### Supplied records
▼▼▼

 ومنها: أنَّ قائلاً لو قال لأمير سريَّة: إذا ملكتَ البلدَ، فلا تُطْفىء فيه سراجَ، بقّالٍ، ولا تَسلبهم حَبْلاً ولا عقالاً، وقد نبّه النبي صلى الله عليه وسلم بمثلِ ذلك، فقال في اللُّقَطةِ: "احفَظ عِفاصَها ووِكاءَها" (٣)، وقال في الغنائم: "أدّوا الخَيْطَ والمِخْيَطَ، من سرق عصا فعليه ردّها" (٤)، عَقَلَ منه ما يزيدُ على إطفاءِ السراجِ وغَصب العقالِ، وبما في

▲▲▲
▼▼▼

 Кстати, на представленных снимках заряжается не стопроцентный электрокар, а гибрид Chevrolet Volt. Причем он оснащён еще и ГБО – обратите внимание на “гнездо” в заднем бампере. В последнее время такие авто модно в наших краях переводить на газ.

▲▲▲
▼▼▼

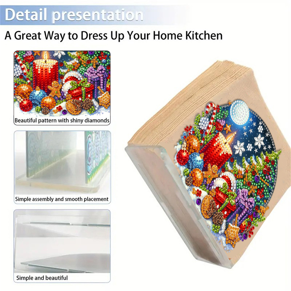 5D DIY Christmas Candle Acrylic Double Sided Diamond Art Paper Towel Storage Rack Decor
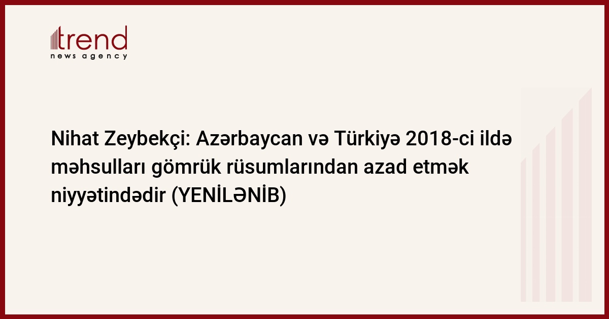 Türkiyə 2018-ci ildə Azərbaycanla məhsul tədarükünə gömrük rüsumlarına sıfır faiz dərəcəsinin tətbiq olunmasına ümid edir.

▲▲▲

### Action item
Repeat exactly the lines above, beginning at the one containing "5D DIY Christmas" and ending at the one containing "Türkiyə 2018-ci ildə". Do not carry over any pictures.

### Response to the task
 5D DIY Christmas Candle Acrylic Double Sided Diamond Art Paper Towel Storage Rack Decor
 Türkiyə 2018-ci ildə Azərbaycanla məhsul tədarükünə gömrük rüsumlarına sıfır faiz dərəcəsinin tətbiq olunmasına ümid edir.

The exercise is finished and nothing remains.